Necessities Needed for World Wide Web 

    Healthcare consumers need to go no further than their computers if they wish to learn how to use the Internet or the World Wide Web. Getting into the Internet or the World Wide Web requires a computer with a telecommunication link and software to connect to an Internet service provider (ISP). Once a person is connected, it is simple to find a wide range of websites voted to teach Internet or World Wide Web navigation skills. 

    With a properly worded search term (eg, “World Wide Web and tutorial”), a search engine will uncover numbers of self paced tutorials designed to teach novice or intermediate users the desired skills. Most search engines even provide guidance in creating commands that will elicit the information needed.

Patient Education and World Wide Web 

    Both computer and information literacy are essential skills addressed in nursing education programs. Knowledge of the World Wide Web is critical for nurses who work with and educate healthcare consumers. This is true for the following reasons:

    Nurses can expect to see patients enter the healthcare arena, having already searched the Web for information. In fact, 35% of adult patients report having gone online to search their symptoms to determine if it is necessary to see a healthcare provider (Fox & Duggan, 2013). 

    Therefore, familiarity with the type of information found on the Web helps direct the assessment of patients prior to teaching to identify the needs of the learner and to determine whether follow-up is necessary.

    The World Wide Web is a tremendous resource for both consumer and professional education. To use the Web effectively, nurses must possess information literacy skills and be prepared to teach these same skills to patients, staff, and students including how to access the information on the Web and how to evaluate the information found. The World Wide Web provides a powerful mechanism for nurses to offer healthcare education to a global audience. 

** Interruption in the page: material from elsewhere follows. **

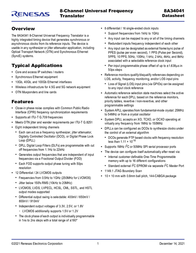 8A34041B-000AJG Multi-Channel DPLL/DCO - Eight Channels

    An increasing number of health organizations are creating websites with pages dedicated to presenting healthcare information for consumers. Although nurses may not be responsible for creating the HTML document that will be placed on the Web, they may work with the website designers to develop the information it contains, evaluate the accuracy of the information presented. and interact with healthcare consumers who access the site.

    The World Wide Web is a vital tool for nurses. It is a mechanism for keeping up to date on professional and practice issues as well as a resource to be shared with clients. If it is to be used effectively, however, a plan to incorporate the World Wide Web into practice must be set in place.